The Eras of My Bisexuality

Queer people aren’t strangers to shame, or to reclaiming one of the darkest feelings a person can carry deep in their gut. Shame is distinct from guilt in that shame is about doing something nonnormative, whereas guilt implies a breach of morality. Still, the consequences of shame can be profound — isolation, stress, secrets. Shame is relative to our surroundings, to the people who have power over us or to the communities we try to find homes in. For this A+ personal essay series, writers wrote about things they can barely whisper to aloud, things they thought was once a blemish that they’ve turned into crown, things that make them feel like a “bad queer”, or the ways that other peoples’ shame has woven itself into their life and existence. Answers to nagging questions, positive conclusions from difficult times and happy endings are not necessary, and you might not find them in every essay in the SHAME series. But I do hope you fill find something that challenges some shame you might be feeling, that is too relatable, that leaves you questioning whether it is actually serving you to hide whatever it is you’re hiding. As always, thank you for the support that allows Autostraddle to publish the breadth of pieces that we do, whether we’re celebrating the bright spots or descending into the basements of our psyches — this is a space where queer people can pitch, write and publish work like nowhere else.

xoxo,

Nico


I hear “boyfriend” from femme-presenting folks and assume they’re straight. I openly admit it’s a problem, but a problem not uncommon within both the straight and queer communities. Most of us have fallen victim to biphobia (e.g., Alice and The L Word), but grouping myself in the community doesn’t give me any more of an excuse. It’s something I’ve always worked on, but feel even more shame about now that I’m on the other side.

The reality — or even option — of bisexuality, let alone lesbian relationships, was completely masked by Midwestern middle school boyfriend culture. My little suburban hometown was a microcosm of heternormative relationships at large. From the moment AFAB folks are born, some aunt or peer or person of influence in your life asks you if you have a boyfriend. People socialized as girls are conditioned into this, and I thrived in this little bubble of boys, crushes, lip gloss, and everything Barbiecore. Middle school boyfriend culture led me right into the hands of a new country artist with only one single released to the public. She was opening for Keith Urban in Toledo, Ohio, and I begged my parents to go. I wanted to cry about my 8th grade crush while my favorite artist, Taylor Swift, sang “Teardrops On My Guitar.” She was the only person who understood what I was going through.
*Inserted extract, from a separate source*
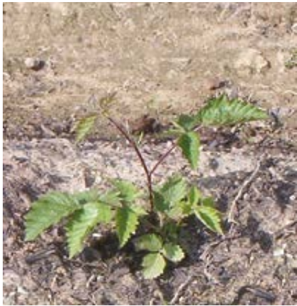
'Loch Ness' im Pflanzjahr (Frühjahr)

In fact, she was the person I wanted to be while going through the pains of puberty. Only 15 at the time, she wasn’t yet a worldwide sensation, but she represented everything acceptable and praiseworthy. She was the straight, white, Christian girl who was so picture perfect no one could dislike her. She was the all-American girl who wasn’t afraid to cry over a boy and let people know about it. Growing up Asian and “obese” for my age, this wasn’t something I was given permission to do. Feelings for boys were “stupid” and “pointless.” I shouldn’t be filling my head with emotional garbage when I could be doing math homework. Even if I did spill my heart out to all the boys in 8th grade, there’s no way they would ever like me. I wasn’t skinny, blonde, or outgoing like Taylor. I was that weird, dark, chubby, shy kid in the corner who wasn’t even the smartest person in the class. Even though Taylor was the quintessential 15-year old, she still somehow seemed to understand the agony of having a secret yearning.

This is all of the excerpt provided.